Heritage Trees come in all shapes and sizes, but what binds them together is that they all have a story to tell. From oak groves that predate white settlement to a Douglas fir that grew from a seed that orbited the moon, Heritage Trees bring history to life. Oregon Heritage Trees are nominated by members of the public and then researched by a team of experts. Those chosen are significant in some way, and there is a plaque in front of each one explaining why it has this designation.

Salem is lucky to have some amazing Heritage Trees that tell many different stories about Marion County and its history. Some heritage trees are familiar to anyone living in Salem, like the Waldo tree or the oak grove at the State Fairgrounds. Others are more hidden but definitely worth checking out.

Waldo Park Tree

605 Summer Street NE, Salem

Heritage Trees of Salem
The giant sequoia at Waldo Park, Salem’s tiniest park. Photo credit: Andrew Parodi

For many people in Salem, the giant sequoia at Waldo Park is the giant historic tree that comes to mind. It is situated in the tiniest park in Salem (at .005 acres), consisting of the tree and two benches. The tree is 82 feet high, towering over the trees around it.

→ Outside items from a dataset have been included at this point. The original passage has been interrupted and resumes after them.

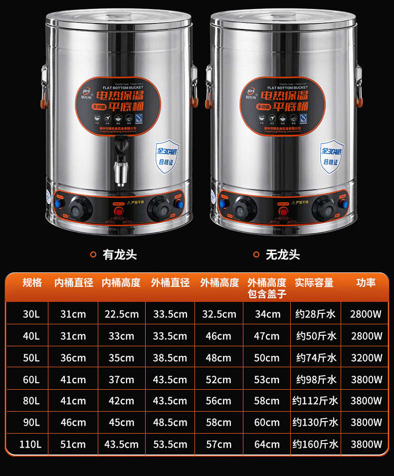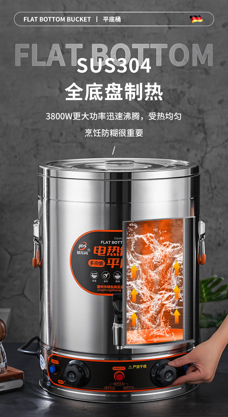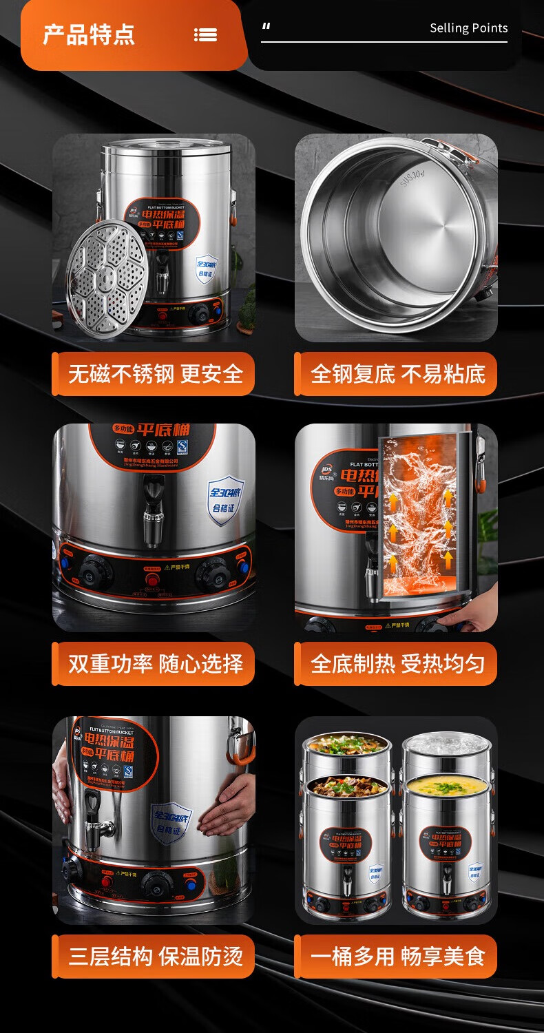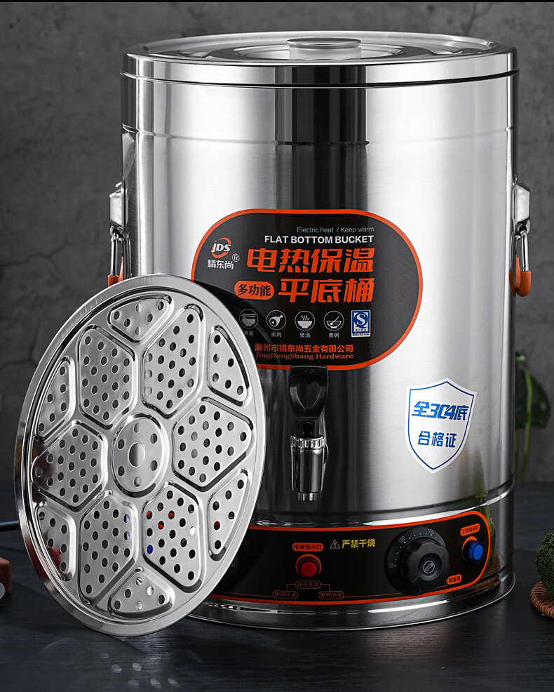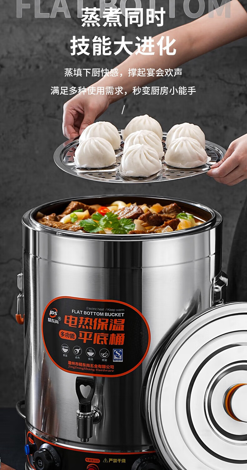 Electric heating porridge bucket with double bottom, special pot for cooking porridge, soy milk bucket, commercial porridge pot, large capacity stainless steel soup pot, soup bucket, 30L non-faucet, double bottom, anti-stick flat bottom liner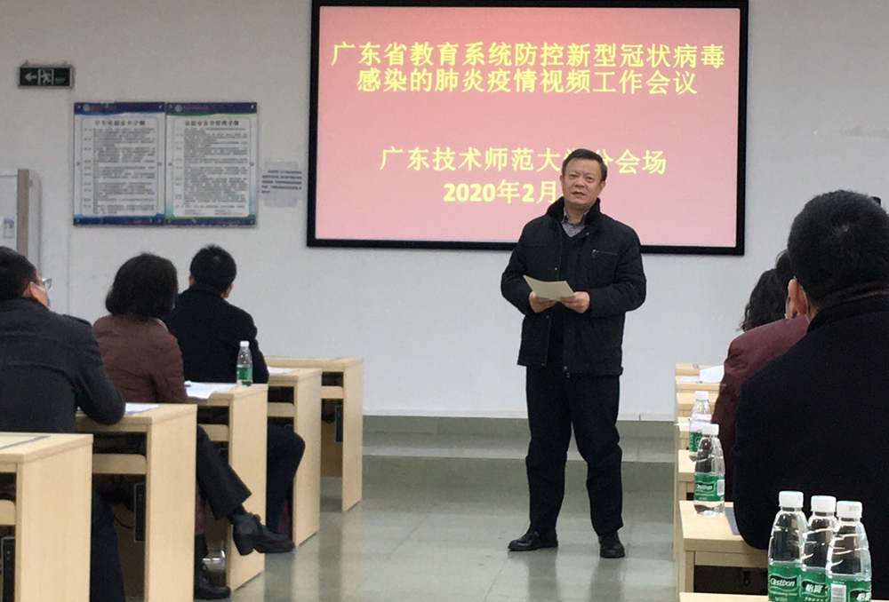 学校党委副书记、校长骆少明讲话。他指出,学校要深入学习贯彻全省教育系统防控新型冠状病毒感染的肺炎疫情视频工作会议精神,做好疫情防控工作。疫情发生以来,学校根据中央、省委、省教育厅要求做了大量工作,认真贯彻落实习近平总书记提出的“坚定信心、同舟共济、科学防治、精准施策”的十六字方针,持续做好了各项疫情防控工作,对工作在一线的领导干部表示感谢。并指出疫情形势十分严峻,学校要做好以下三个方面的工作。一要持续加强精准严密的防控措施。希望各单位和广大师生要进一步认识疫情防控的严峻性和复杂性,绝不能有丝毫放松和丝毫懈怠,面对即将到来的疫情关键节点期的考验,要始终保持警惕、打起十分精神、制定周密的措施把防控工作做好。二要加强沟通,结合疫情防控情况,推进白云校区建设和河源校区建设。加强与属地政府、校区承建方沟通,确保建设工期如期完成。三要加强风险评估,认真制定相关工作方案,扎实做好开学准备工作。他指出,要深入贯彻全省教育系统防控疫情视频工作会议精神,要坚持把师生生命安全摆在第一位,绝不可仓促开学、准备不足开学,严格要求学生不能提前返校,开学时间视疫情发展而定,对滞留在湖北的教工和学生,要认真摸排清楚,每个人都要落实到具体的工作人员负责,全面跟踪,掌握他们的动态,做到心中有数。要灵活运用网络形式,做好本科生和研究生毕业生论文指导、毕业生就业指导和行政人员值班办公等工作,群策群力,凝聚力量,坚决做好防控工作。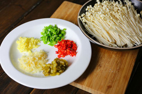 步驟一:姜蒜、杭椒、小米椒、野山椒切末,金針菇剪去根部撕開備用。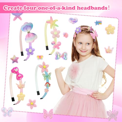 Creatività leggera per bambini di 5-12 anni! Perfetto per bambini dai 6 ai 12 anni: non è necessario cucire o tagliare, basta attaccare i graziosi accessori agli accessori per capelli. Questo set di fasce per capelli fai da te risveglia la creatività e l'immaginazione dei bambini di 5-12 anni. Lascia che i tuoi piccoli vivano la loro immaginazione! Oltre al divertimento, vengono incoraggiate le abilità artigianali e la comprensione dei colori.
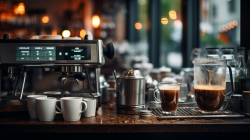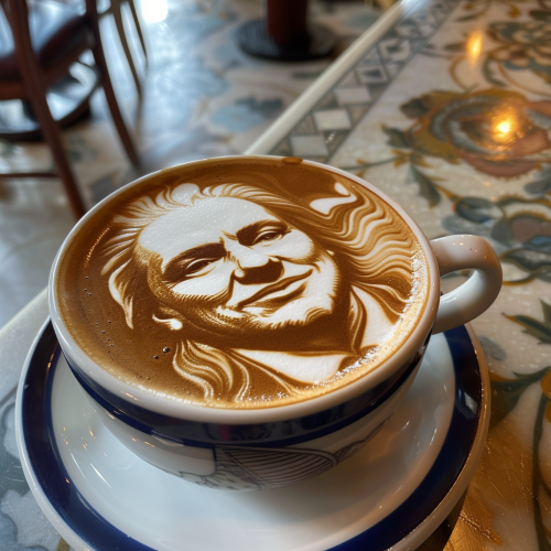 coffee culture, Color Grading, Editorial Photography, Depth of Field, Ultra Wide Angle, Shutter Speed 1/1000, F/25, Gamma, White Balance, Soft Light, Light Mode, High Contrast, 5D, 800K, Particles, Super-Resolution, Megapixel, ProPhoto RGB, RAW, VR, Spotlight, Frontlight, Halfrear Lighting, Backlight, Rim Lights, Rim Lighting, Artificial Lighting, Natural Lighting, Incandescent, Optical Fiber, Moody Lighting, Studio Lighting, Soft Lighting, Hard Lighting, Volumetric Light, Rembrandt Lighting, Split Lighting, Accent Lighting, Global Illumination, Lumen Global Illumination, Screen Space Global Illumination, Ray Tracing Global Illumination, Ambient Occlusion, Scattering, Glowing, Shadows, Ray Tracing Reflections, Lumen Reflections, Screen Space Reflections, Diffraction Grading, Chromatic Aberration, GB Displacement, Ray Traced, Ray Tracing, Ambient Occlusion, Anti-Aliasing, TXFXAA, AA, RTX, SSAO, Shaders, OpenGL-Shaders, GLSL-Shaders, Post Processing, Post-Production, Cel Shading, Tone Mapping, CGI, VFX, SFX, Insanely Detailed and Intricate, Hypermaximalist, Hyper Realistic, Elegant, 32K, HD, Photo --ar 16:9 --s 250 --v 5.2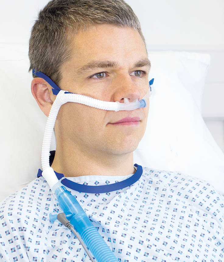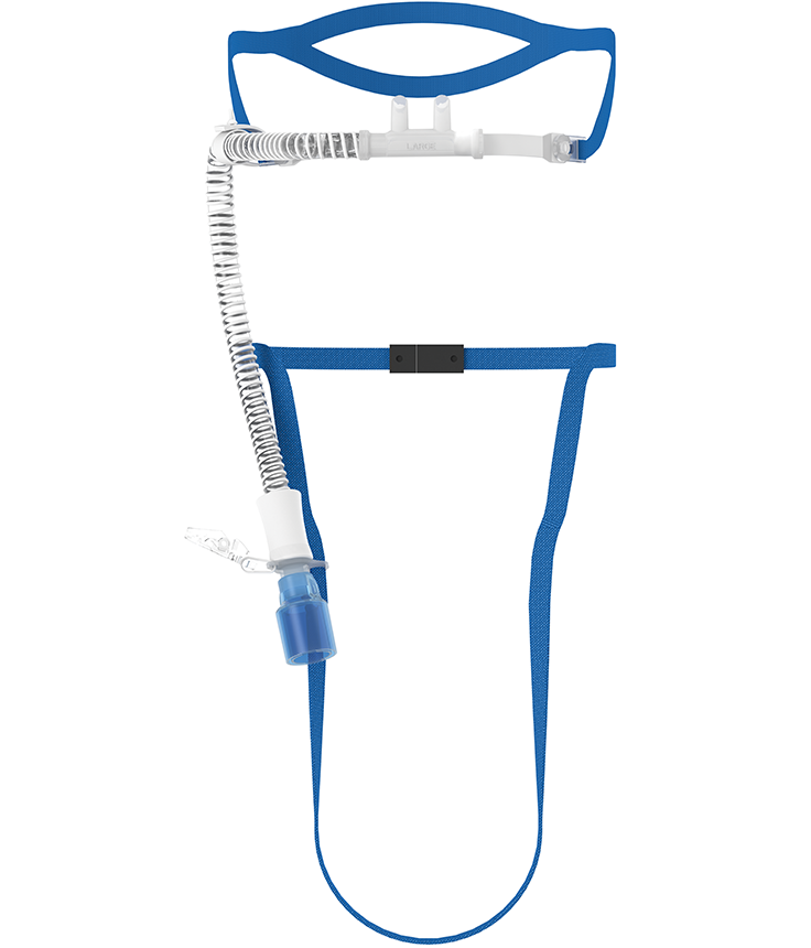 Cánula nasal de alto flujo diseñada para administrar un amplio rango de concentraciones de oxígeno con tasas de flujo variables en condiciones óptimas, con capacidad de alto flujo de hasta 60 L/min. Ideal para pacientes que respiran espontáneamente y se encuentran en destete de la ventilación controlada, pudiendo incluir interfaz para traqueostomía. Cuenta con pinzas nasales de silicona de contorno anatómico suave y altamente tolerable, almohadilla de silicona para mayor confort, suministro confiable gracias a su diámetro ancho y tubo de borde interno liso y versátil. Incluye correílla de cabeza escindida, cómoda y fácil de ajustar, y conector universal en pivote seguro y de alta compatibilidad.
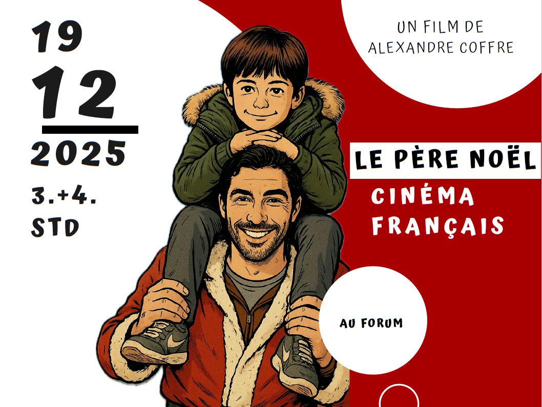 Gezeigt wurde der Film „Le Père Noël“, eine humorvolle und zugleich herzerwärmende Weihnachtsgeschichte. Im Mittelpunkt steht der Weihnachtsmann, der – ganz anders als erwartet – in turbulente und chaotische Situationen gerät. Mit viel Witz, überraschenden Wendungen und einer guten Portion französischem Humor sorgt der Film für beste Unterhaltung und eine stimmungsvolle Einstimmung auf die Weihnachtszeit.

Judge William Waldo bought the sequoia seed, planted it in 1872, and remained very protective of the tree throughout his life. When he planted it, his property was outside of city limits, even though today it’s situated two blocks from the capitol mall and just across the street from the popular Salem Saturday Market. As Salem grew, Waldo’s property became vital to the new system of roads being laid. He died in 1911, and even then, the city found the redwood in the way of their road projects. Yet, over and over, people and groups stepped in to save the tree.

In 1936, the American War Mothers successfully got the tree and a small piece of land surrounding it to be declared a public park. Because of its location jutting out into Summer Street, the tree would have been cut long ago if not for its protection as a park.

Another amazing giant sequoia and Heritage Tree in Marion County, the Benedictine Sisters Sequoia, is at the Benedictine Queen of Angels Monastery at Mt. Angel, planted by Sister Protasia Schindler in 1893.

Heritage Trees of Salem
The Willamette University Star Trees, planted by the class of 1942. Photo credit: M. O. Stevens

Star Trees at Willamette University

900 State Street, Salem

The tallest giant sequoias on any campus in the United States, Willamette University’s Star Trees sit across from the Capitol at the edge of the Willamette campus. The trees were presented to the university as a centennial gift by the class of 1942. Planted together, the five trees are situated so that they outline the sky in a star shape when standing in the center of the circle. During the holidays, the 160-foot-tall trees are strung with lights, and the Salem community is invited to a tree lighting.

Governor McCall Maple and The Moon Tree

155 Waverley Street NE
State Capitol State Park, Salem

Not all Heritage Trees are gigantic trees planted long ago – some are designated Heritage Trees because of the story behind their planting. Just west of the Capitol, in the Willson Park section of the State Capitol State Park, is the Moon Tree. A Rocky Mountain Douglas Fir, the tree is significant because its seed was taken into space and orbited the moon. Stuart Roosa, the astronaut who brought the seeds into orbit, had worked as a smoke jumper in Oregon and wanted to ensure some of the seeds ended up back in the state. Governor Bob Straub planted the Moon Tree in 1976.

The Governor McCall Maple, also at the State Capitol State Park, is significant because it was planted by Governor Tom McCall, an early environmental pioneer who was governor during the late 1960s and early 1970s. He planted the Greenleaf Japanese Maple on the state capitol grounds in 1973, and it was designated a Heritage Tree in 2009.

Heritage Trees of Salem
The oak grove at the Oregon State Fairgrounds. Photo credit: Mollie Nouwen

State Fairgrounds Oak Grove

17th Avenue NE and Silverton Road NE, Salem

The State Fairgrounds Oak Grove predates the arrival of white people into the Willamette Valley, and historians believe that the Kalapuya used this grove as one of their camping grounds. In 1862, the first Oregon State Fair was held, and the white pioneer families of the time came and camped in the oak grove. Visitors to the fair still park and camp under the same trees yearly during the county and state fairs.

Heritage Trees of Salem
The Signature Oak tree in the Oregon Garden in Silverton. Photo credit: Rick Obst

There are other Heritage Trees around Marion County, many of them tied to the pioneer history of our area. In Silverton, visitors can see the Riding Whip Tree just south of town on a family farm and the Signature Oak in the Oregon Garden. Pioneer history is on display in Aurora, and its Heritage Tree, the Aurora Colony Black Walnut, illustrates its German past. Finally, the Willamette Mission Cottonwood grove is one of the few remaining reminders of the first white settlement in the Salem area, led by Jason Lee in the 1830s. All of these beautiful and towering Heritage Trees help tell the story of the region through its plant history, giving us a way to experience the past in a new way.